# How does 'acei' do with 'p. saulosi'?



## GaFishMan1181 (Dec 17, 2008)

Can you mix 'acei' with 'p. saulosi' or will they crossbread easily? ( i know all mbuna could crossbread but i know some chances are better than others) Also will their be problems with their temperment toward each other. Eventually they will be in a 125 gallon. With hopefully some rusties and red zebras if that will work out well. (maybe labs instead of red zebra but i like the way the red zebras look better)


----------



## krellious (Jan 17, 2007)

had 5 aceii 2 14cm males and 3 11cm females. as well as a colony of 1m 3f 9cm saulosi.

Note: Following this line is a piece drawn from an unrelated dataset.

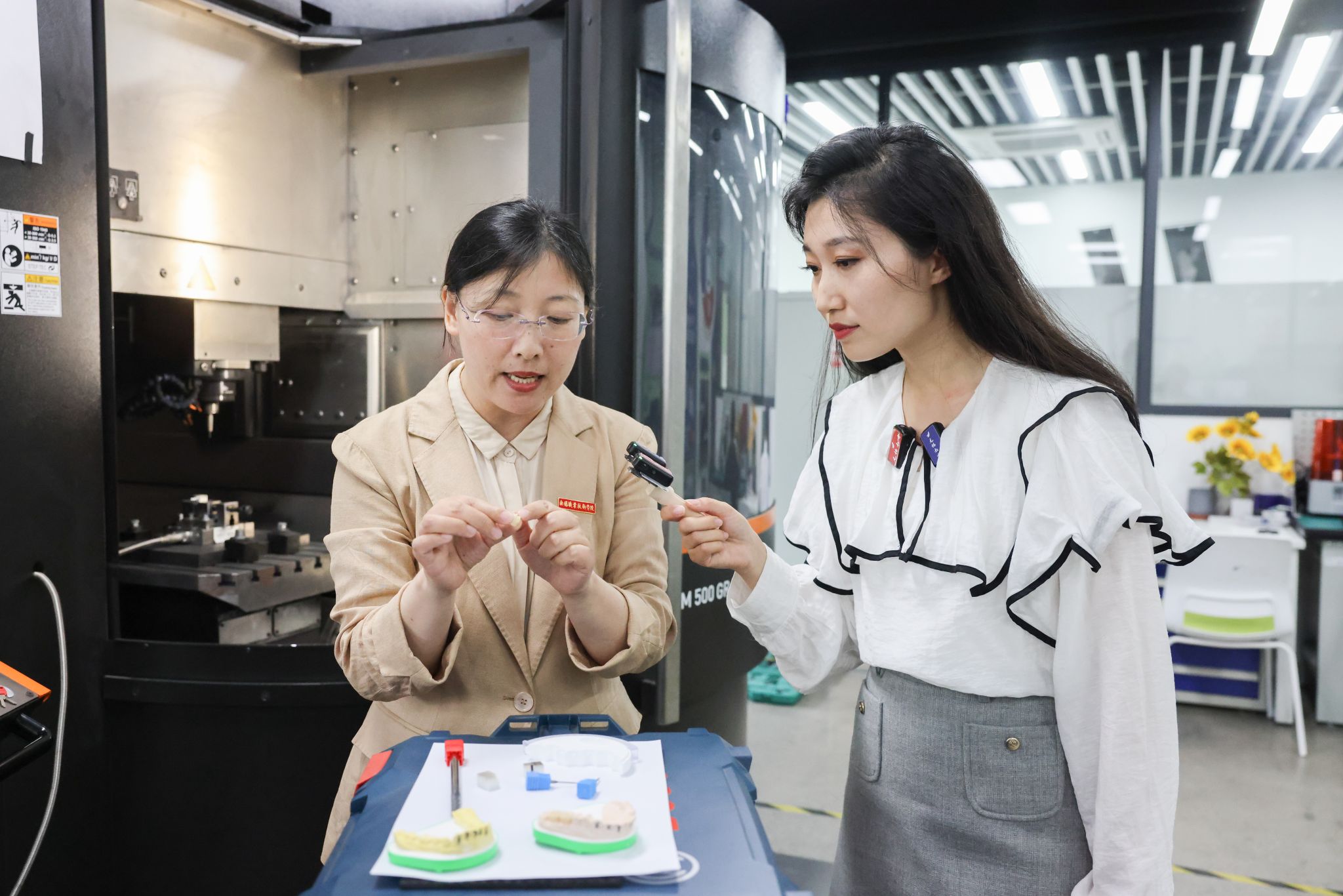 直播由机械工程学院专业教师万安然开场,向网友们分享了自己在锡职求学与回到母校任教的经历,讲述了学校办学条件和硬件环境的变化。随后,职教体验官、无锡教育电视台主持人葛嘉岑带领网友们先后走进增材制造工艺装备与先进应用实验室、难加工材料切削技术与装备研究实验室、公共虚拟仿真实训中心和基础课部物理实验室,了解3D打印、难加工材料在工业生产、航空航天以及日常生活中的应用,以及数字孪生、裸眼3D技术在专业教学中如何发挥作用。

Not a problem at all. they both breed fine and no hybrids or aggression. and this is in a 4ft tank


----------



## letstalkfish (Dec 25, 2008)

cross breeding is almost non existing if you have enough females per species. I have 4m 10f saulosi's 2m 8f lab hongi in the same tank and have never had cross breeding.


----------



## GaFishMan1181 (Dec 17, 2008)

alright so far i have 5 acei, 3 yellow labs, and i want some saulosi. The acei and labs are juvies. However i am thinking of giving my labs to a friend and doing the acei, then the saulosi and then some red zebras last for some nice orangish red colors.

questions.

right now the acei's home is going to be a 46 gallon bow front until tehy get too big for that.,

i got money and room for a new tank. What size tank would you all recommend for my 5 acei (hopefully more if they breed), 3m 9f or 4m 12f saulosi, and 5-6 red zebras.

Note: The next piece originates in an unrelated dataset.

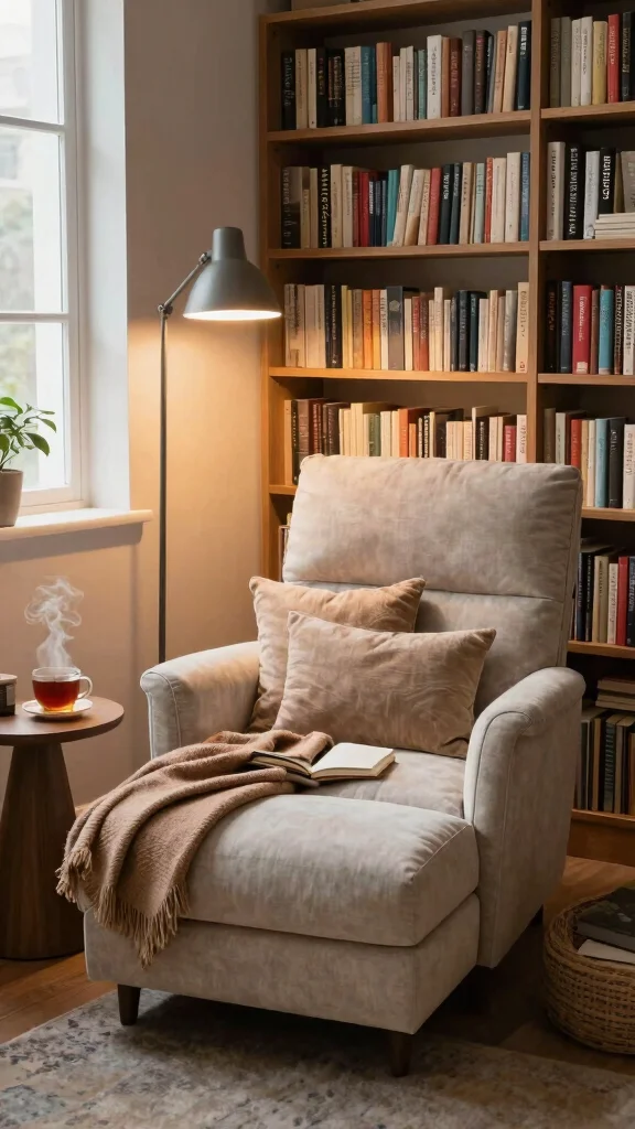 Create a cozy reading nook with a chaise lounge chair that invites you to settle in with a captivating book. Choose a plush chair with deep cushions and soft fabric, ensuring maximum comfort. A small side table for your coffee or tea is essential, keeping your favorite treats close at hand.

Or i could leave out the red zebras and put in some demasoni's.


----------



## Floridagirl (Jan 10, 2008)

I have had Acei, Saulosi, Red Zebra, and Maingano in a 125. I think a 90 or above would work for wht you are tring to do.


----------



## krellious (Jan 17, 2007)

GaFishMan1181 said:


> alright so far i have 5 acei, 3 yellow labs, and i want some saulosi. The acei and labs are juvies. However i am thinking of giving my labs to a friend and doing the acei, then the saulosi and then some red zebras last for some nice orangish red colors.
> 
> questions.
> 
> ...


Aceii in a 4ft tank. get 2-3 male saulosi and 8 or so females. remembering they both get to over 12cm

also NO saulosi and yellows in the same tank. They look to much alike and the saulosi will most likey beat the yellows up


----------



## GaFishMan1181 (Dec 17, 2008)

Thinks for yall's input. I have decided that i am going to buy a 75 gallon when my Acei get too big for their 46 gallon bowfront. Once i get the new aquarium (75g) set up i am goin to transfer my acei to it and then place an order for the Saulosi over the internet and they will go in the 46 gallon for a while until they get a little bigger and then into the main tank.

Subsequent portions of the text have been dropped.